Fim dos "saidões" dos presos

A Câmara dos Deputados, sob o comando de Arthur Lira (PP-AL), está analisando, em regime de urgência, o projeto de lei que acaba com as saídas temporárias de presos em datas comemorativas como é o caso do Natal, Dia das Mães e Dia dos Pais. Se aprovado, o projeto irá diretamente para sanção do presidente Jair Bolsonaro (PL).

A proposta tem origem no projeto cuja autoria é de Ana Amélia Lemos, que foi senadora pelo Rio Grande do Sul, e apresentou ao Senado Federal, em 2012. De acordo com o texto, somente réus primários teriam direito às "saidinhas temporárias", uma vez ao ano e após o cumprimento de um sexto da pena.

Ana Amélia defendeu o projeto e disse que boa parte dos detentos não voltam ao sistema carcerário depois do benefício.

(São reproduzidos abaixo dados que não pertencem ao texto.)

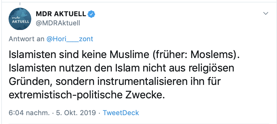 „Islamisten sind keine Muslime“, berichtet MDR aktuell. Denn: „Islamisten nutzen den Islam nicht aus religiösen Gründen.“
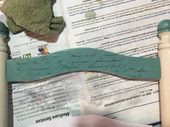 I put the chair on its back to make it easier to work with.  Each ladder back will have a liberal coat of poly painted on.  I did one ladder back at a time, putting on the poly, then adding the image with the script facing down.
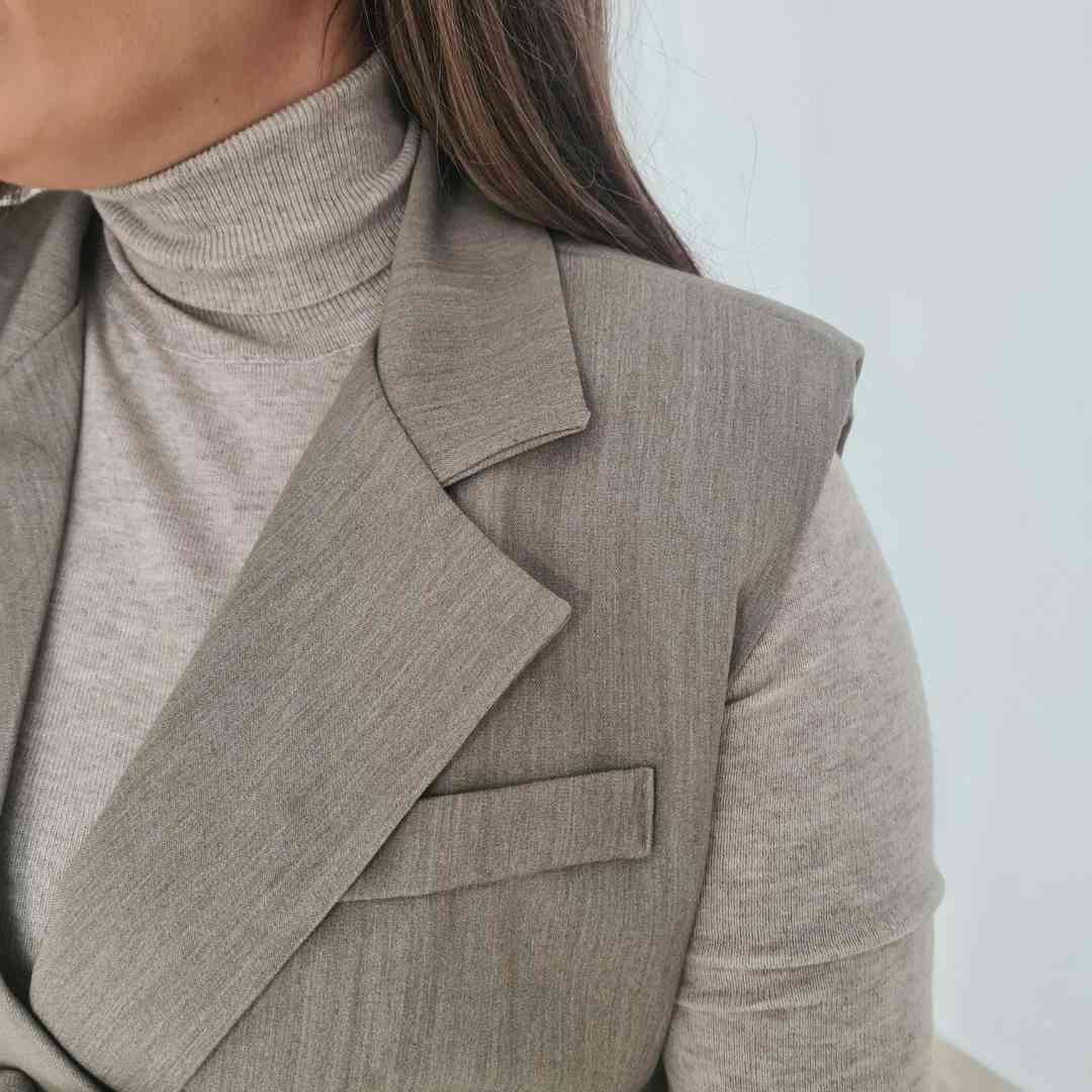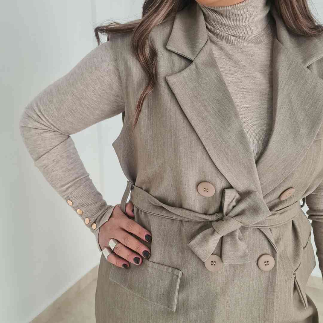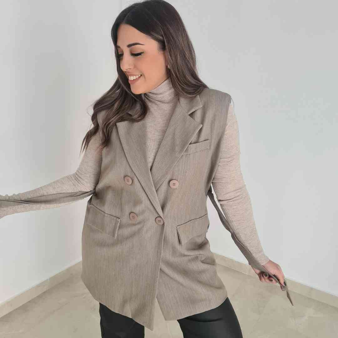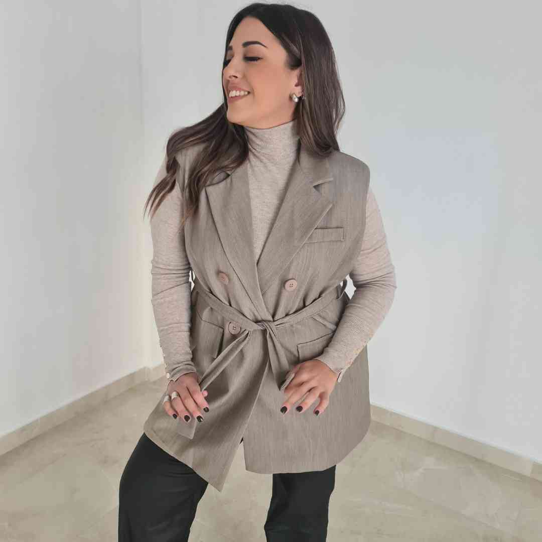 Γυναικείο υφασμάτινο φόρεμα σε γκρι και πούρου απόχρωση ή και αμάνικο γιλέκο. Διαθέτει ζώνη του ίδιου υφάσματος και διακοσμητικές τσέπες μπροστά. Τέσσερα κουμπιά εξωτερικά και ένα εσωτερικό για τέλεια εφαρμογή. Η λαιμόκοψη είναι V με γιακά και στους ώμους έχει βάτες. Διαθέτει επίσης μία διακοσμητική τσέπη στην καρδιά.
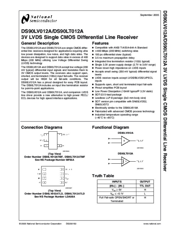 Datasheet DS90LT012A:
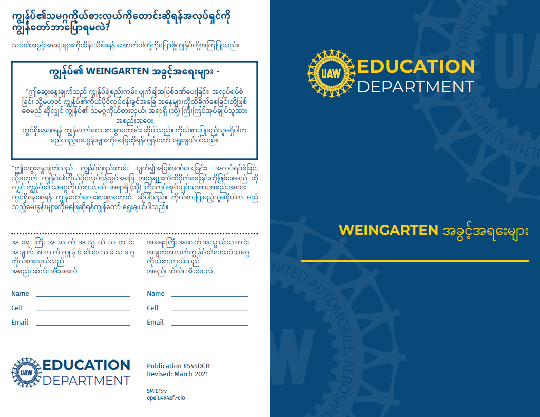 This tri-fold pamphlet is a great handout for local union Education Committees that teaches our members about their Weingarten Rights. Also available in Burmese (UAW Publication #545DCB).

- Acredito que os beneficiados, em grande número, voltam a cometer crimes e não retornam aos presídios, gerando custos de buscas para as polícias - explicou.

E a parlamentar está correta. Apenas no Estado do Rio de Janeiro, no último Natal, 1.240 presos tiveram o direito de comemorar as festividades em casa. Desse total, 522 não retornaram aos presídios. Ou seja: 42% dos beneficiados.

Já em São Paulo, dos 32.754 que obtiveram o benefício no exercício de 2019, 1.488 não voltaram à cadeia.